Study material:

···

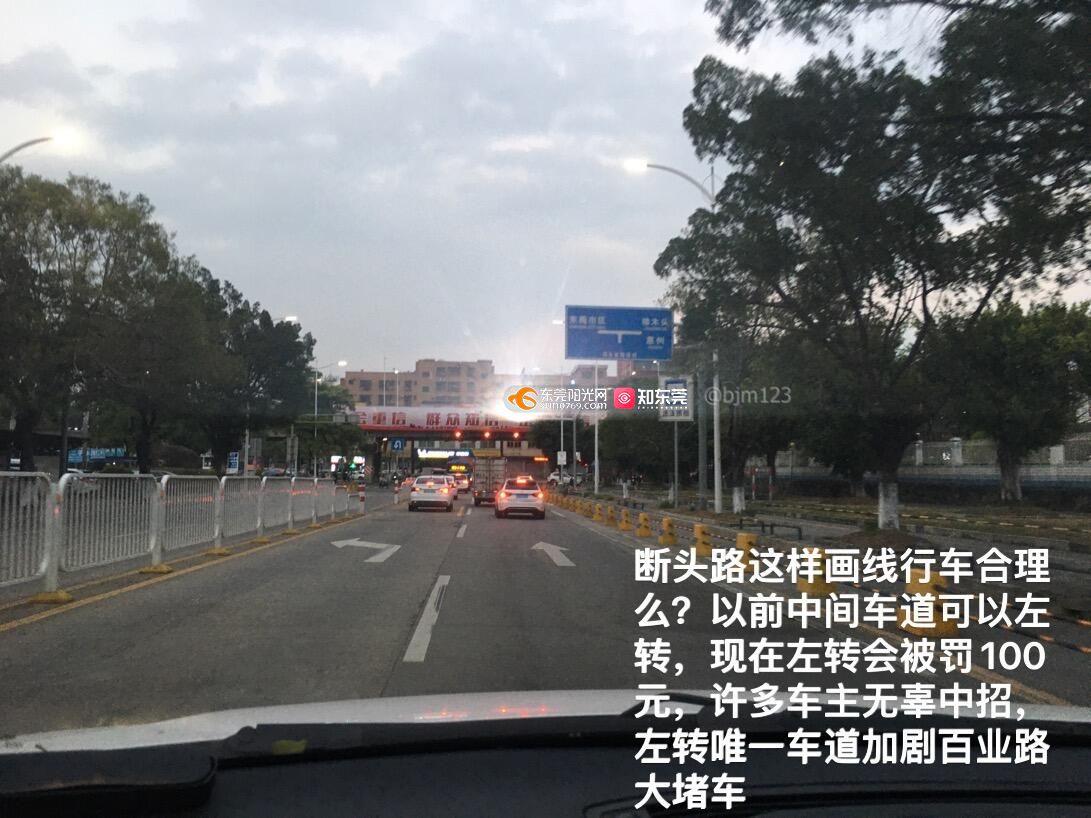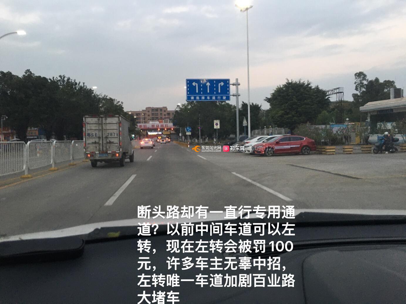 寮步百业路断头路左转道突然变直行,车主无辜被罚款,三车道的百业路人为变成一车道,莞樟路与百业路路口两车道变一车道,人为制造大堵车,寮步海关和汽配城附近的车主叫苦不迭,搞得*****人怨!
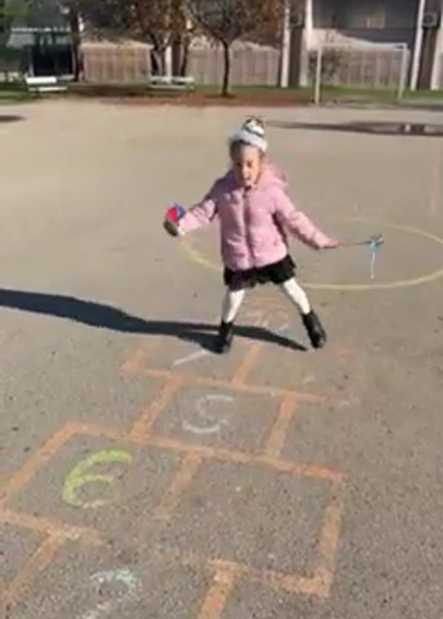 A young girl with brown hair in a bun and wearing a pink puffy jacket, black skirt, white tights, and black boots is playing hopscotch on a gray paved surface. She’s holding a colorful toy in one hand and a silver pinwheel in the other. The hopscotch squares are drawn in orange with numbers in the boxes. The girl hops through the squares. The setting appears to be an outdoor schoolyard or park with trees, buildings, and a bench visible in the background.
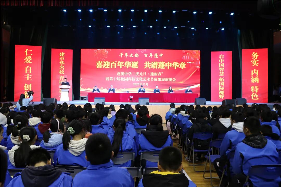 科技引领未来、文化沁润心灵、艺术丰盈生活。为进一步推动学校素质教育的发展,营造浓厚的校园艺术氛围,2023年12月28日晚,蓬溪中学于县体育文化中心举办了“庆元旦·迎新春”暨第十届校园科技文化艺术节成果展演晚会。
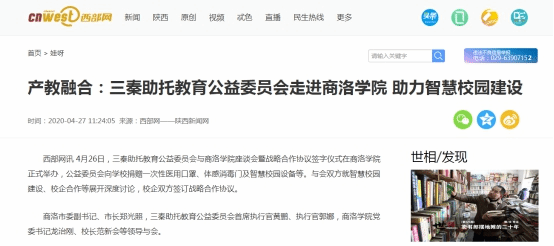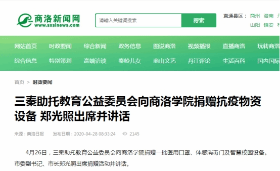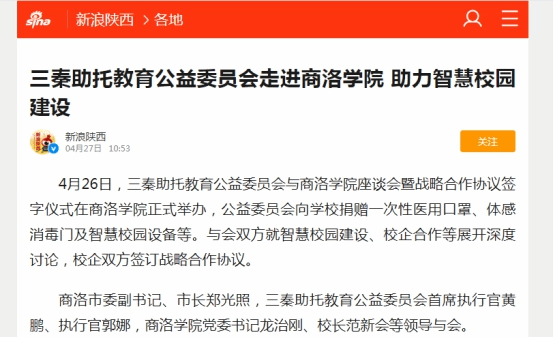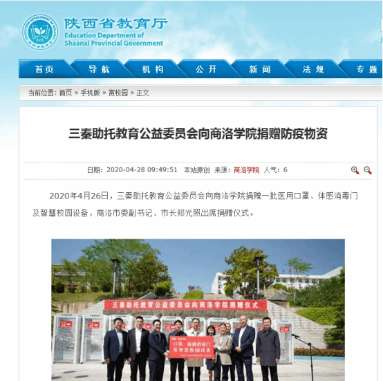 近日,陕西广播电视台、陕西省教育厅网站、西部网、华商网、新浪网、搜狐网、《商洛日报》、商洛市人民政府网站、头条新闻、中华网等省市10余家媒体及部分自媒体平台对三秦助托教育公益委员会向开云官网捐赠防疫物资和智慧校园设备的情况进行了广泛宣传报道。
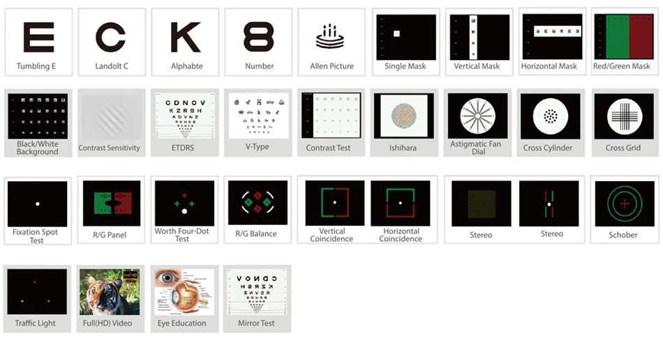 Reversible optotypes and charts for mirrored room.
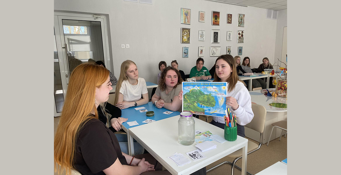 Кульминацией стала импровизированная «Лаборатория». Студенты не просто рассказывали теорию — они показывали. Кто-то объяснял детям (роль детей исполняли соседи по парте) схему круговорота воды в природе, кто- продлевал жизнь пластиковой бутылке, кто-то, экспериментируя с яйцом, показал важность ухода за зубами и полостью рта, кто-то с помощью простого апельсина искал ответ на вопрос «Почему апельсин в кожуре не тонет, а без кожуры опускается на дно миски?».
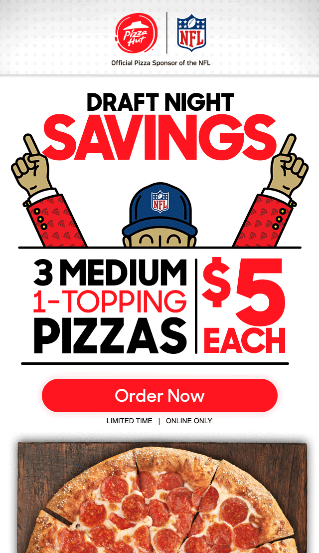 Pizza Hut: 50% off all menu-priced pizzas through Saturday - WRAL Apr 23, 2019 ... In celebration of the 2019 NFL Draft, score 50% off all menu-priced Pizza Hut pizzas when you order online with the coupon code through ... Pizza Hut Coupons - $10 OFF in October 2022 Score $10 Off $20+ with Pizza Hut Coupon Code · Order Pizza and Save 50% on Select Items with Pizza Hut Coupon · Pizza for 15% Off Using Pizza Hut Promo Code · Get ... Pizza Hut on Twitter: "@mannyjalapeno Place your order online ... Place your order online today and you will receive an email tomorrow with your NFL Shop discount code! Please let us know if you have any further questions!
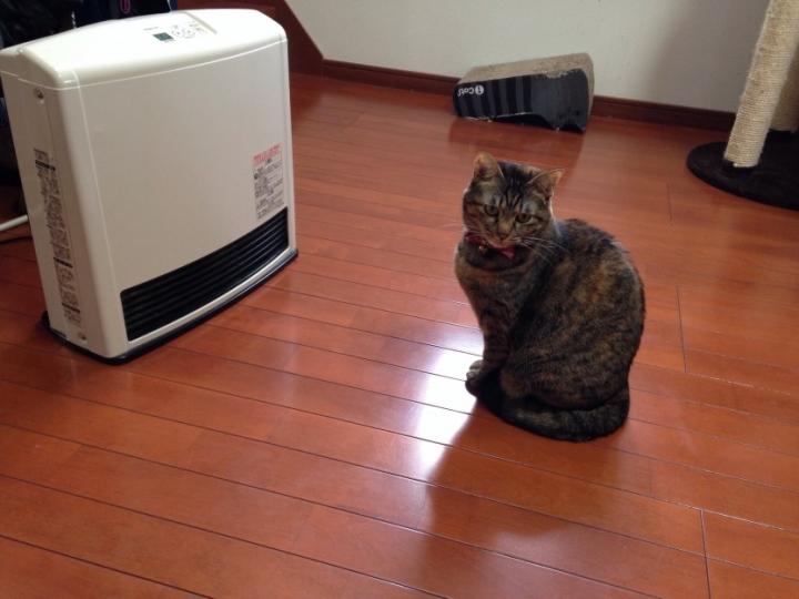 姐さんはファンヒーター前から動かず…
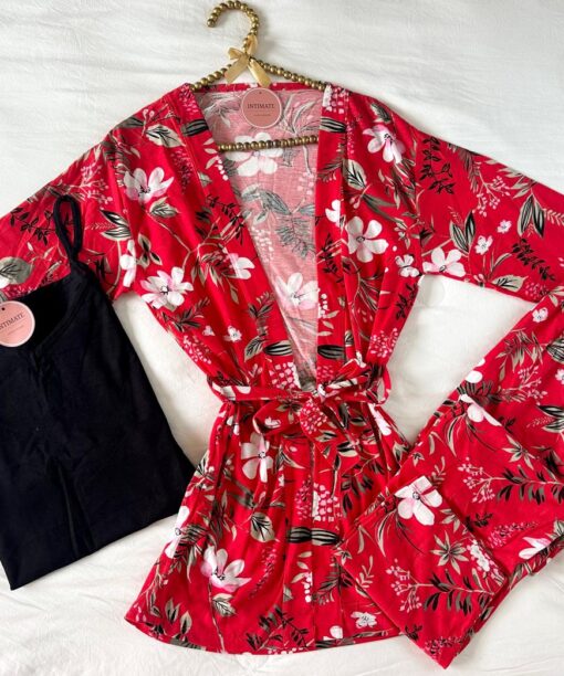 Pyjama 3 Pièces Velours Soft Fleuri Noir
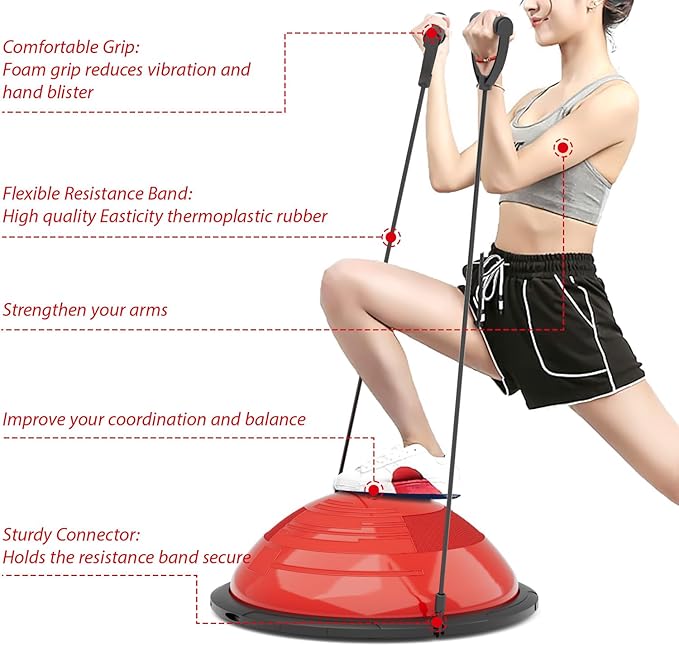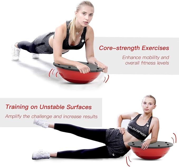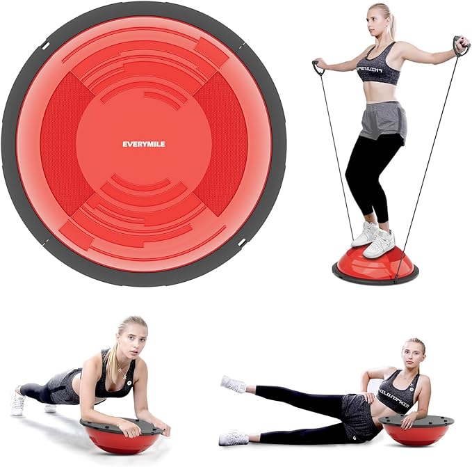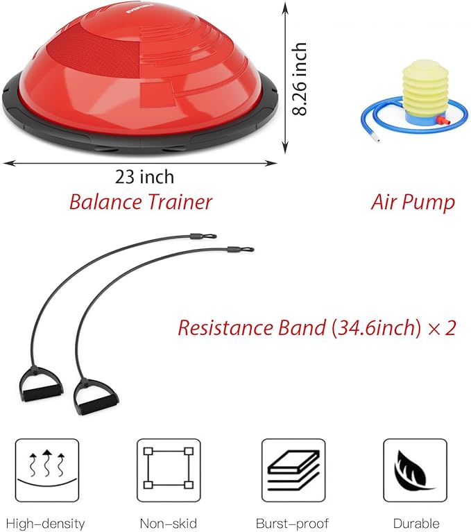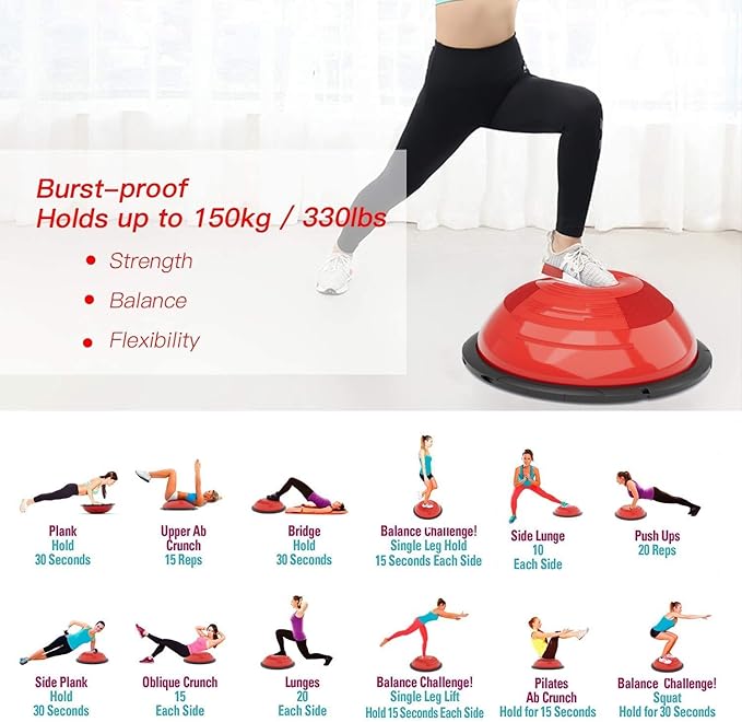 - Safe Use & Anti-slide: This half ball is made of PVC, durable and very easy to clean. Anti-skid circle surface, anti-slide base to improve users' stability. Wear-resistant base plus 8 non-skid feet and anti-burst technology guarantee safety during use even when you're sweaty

···

Assigned task: Go back to the listing above and reproduce, exactly, the stretch from the line bearing "近日,陕西广播电视台、陕西省" through the line bearing "Кульминацией стала импровизированная", without its pictures.

Task output:
 近日,陕西广播电视台、陕西省教育厅网站、西部网、华商网、新浪网、搜狐网、《商洛日报》、商洛市人民政府网站、头条新闻、中华网等省市10余家媒体及部分自媒体平台对三秦助托教育公益委员会向开云官网捐赠防疫物资和智慧校园设备的情况进行了广泛宣传报道。
 Reversible optotypes and charts for mirrored room.
 Кульминацией стала импровизированная «Лаборатория». Студенты не просто рассказывали теорию — они показывали. Кто-то объяснял детям (роль детей исполняли соседи по парте) схему круговорота воды в природе, кто- продлевал жизнь пластиковой бутылке, кто-то, экспериментируя с яйцом, показал важность ухода за зубами и полостью рта, кто-то с помощью простого апельсина искал ответ на вопрос «Почему апельсин в кожуре не тонет, а без кожуры опускается на дно миски?».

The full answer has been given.